Over the next 13 hours, transplant teams removed the lungs from a donor, prepped Ashley for surgery, and wheeled her into the operating room. It was just before 5 p.m. Her mother and father (who divorced 18 years ago) waited in the ICU. Inside the OR, nearly a dozen physicians and nurses assisted Dr. Marc de Perrot, the thoracic surgeon who performed the procedure. He began by taking out the first CF-infected lung that had become bumpy and stiff, and put in the soft, healthy one. For one tense minute, Ashley went into cardiac arrest, but recovered with the aid of a heart-lung machine. De Perrot replaced the second lung, and then, punched roughly 60 staples under her breasts. The operation took almost eight hours.
When word came that Ashley was nearly out of surgery, Donelle sat on the ledge of a window facing the elevators and stared. “Sure enough, around 12:30 a.m., those doors flew open, and out [came] Ashley on a stretcher,” says Donelle. “I could barely see her. There were four or five doctors following the bed. There were tubes and wires everywhere.” But it didn’t matter, Donelle thought. “She’s alive.” It was Nov. 8, she says, “her new birthday.”
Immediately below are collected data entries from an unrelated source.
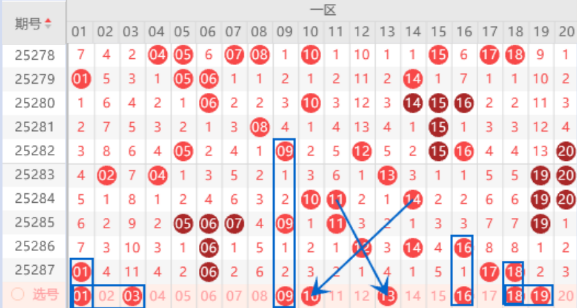 下图为01-20号数字区间走势分析图:
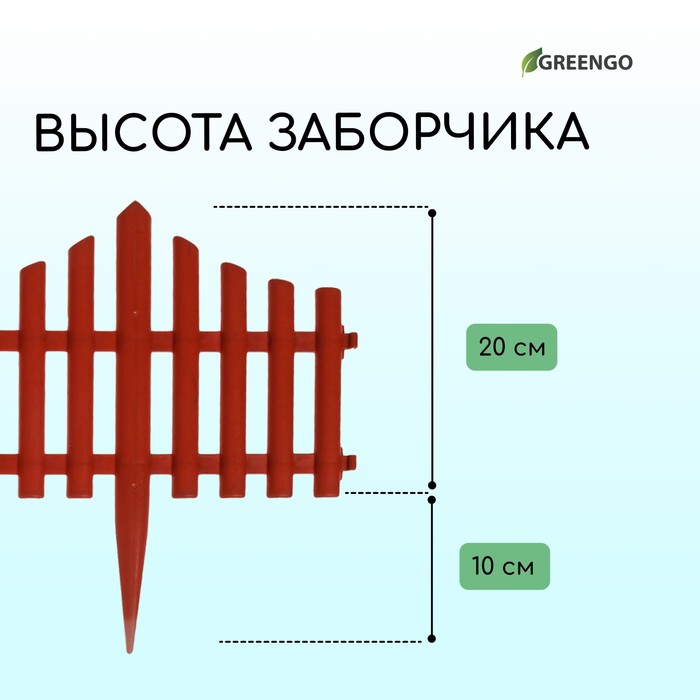 Ограждение декоративное, 30×300 см, 5 секций, пластик, терракотовое, Greengo
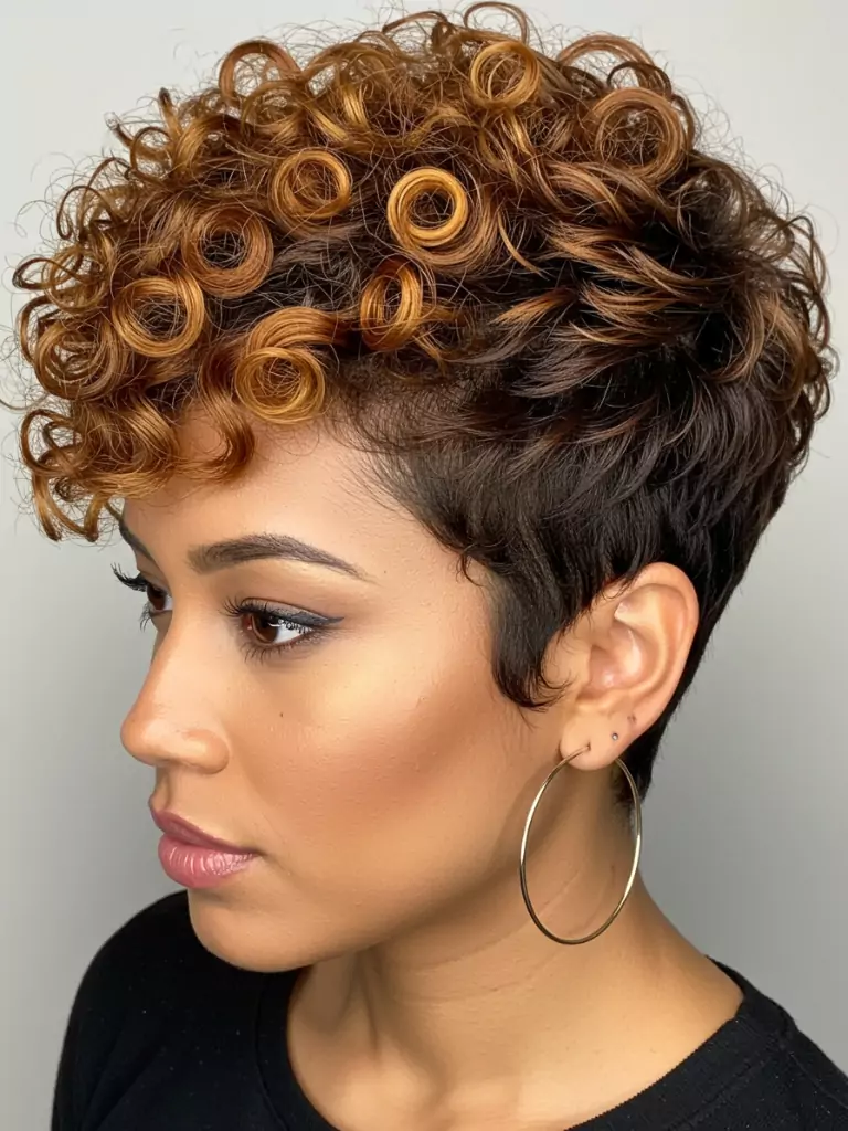 If you love a pixie cut but want to take it further, highlights are the answer. Adding streaks of caramel, gold, or auburn brightens up your natural coils and gives them dimension.

To see Ashley today, you’d never know she had CF or a double-lung transplant. Unless, of course, she showed you the scars. Or the dozens of anti-rejections pills, enzymes, vitamins and other drugs she takes daily. Or the thermometer and scale she uses to check for a fever and weight loss, two early signs of rejection. Or the machine she puffs into twice a day to gauge her lung function. “I’m at 90 per cent,” she says, several months after transplant. “I’ve never had that. This is the first summer in my life I haven’t had trouble breathing.”
That’s taken some getting used to. “I had to train my brain that my body wasn’t sick anymore,” she says. For months after surgery, she was afraid to exert herself. She parked near the doors of whatever building she was going to, forgetting she could walk for blocks now. The psychological adjustment has run parallel to the physical trauma of recovery, which has included physiotherapy to build up her strength.
While Ashley adjusts to her new reality, there is a growing campaign to catch CF early through newborn screening for the gene. Several provinces such as Ontario, Saskatchewan, B.C. and Alberta already have such programs, as does the U.S., France and the U.K. Unfortunately, most patients, usually children, are misdiagnosed with asthma or bronchitis before CF is recognized, and by then they’ve already been hospitalized at least once, and experienced poor growth and lung damage.
Scientists now know that there are more than 1,600 mutations that can cause CF. Given that, gene therapy research has mostly shifted from replacing the bad gene to drug treatments that work on the underlying defects instead. Doctors now take a more aggressive approach to eradicating lung infections early with new antibiotic combinations and inhaled meds. There’s more focus on a high-fat diet to prevent the inadequate growth that used to be the hallmark of CF patients. Even better, life expectancy has increased by about one year every year over the last decade—to a median age of survival of 47 in Canada.
But given the long, bumpy road it’s taken scientists to get to this stage, no one is willing to talk about a cure. “I would rather talk about control of the disease because this is a more realistic view,” says Dr. Felix Ratjen, head of CF clinical research at the Hospital for Sick Children in Toronto. “Cure means a one-time hit where you do something and everything is going to be turned back. This is unlikely.”
In another 20 years, Collins says, “I’m optimistic enough to say that it will be a story about a disease conquered,” but what that means isn’t clear. “I do think at that point this will not be a disease that seems so scary and threatening as it has for centuries.”
Today, CF patients around the world, including in Canada, are participating in clinical trials for two pills that could be on the market within a few years that activate alternate cellular channels to compensate for the abnormal ones in CF patients. Early results make scientists such as Ratjen, who is leading a Canadian study of another possible CF drug, “very optimistic that they will make a difference in the way we treat CF patients.”
For now, Ashley is going back to McGill University full-time in September to finish the psychology degree she was too sick to complete a couple of years ago. She goes to the gym up to four times a week and runs on the treadmill. “My legs get tired before I ever run out of breath,” Ashley laughs. She plans on working, attaining her master’s, eventually getting married, and “being Leila’s mom for as long as possible.” Transplant isn’t a perfect cure, but it’s good enough. “If the transplant doesn’t work out, at least Leila knows that I fought, I tried to be with her.”
A few weeks ago, Ashley finally managed to send a personal letter of appreciation to the donor family. “They gave me my life back,” she says. On second thought, she adds, “They gave me a better life than I ever had.” Ashley says the gratitude she feels is indescribable. “There is no word big enough for that.” A sigh of relief—one deep breath—says it all.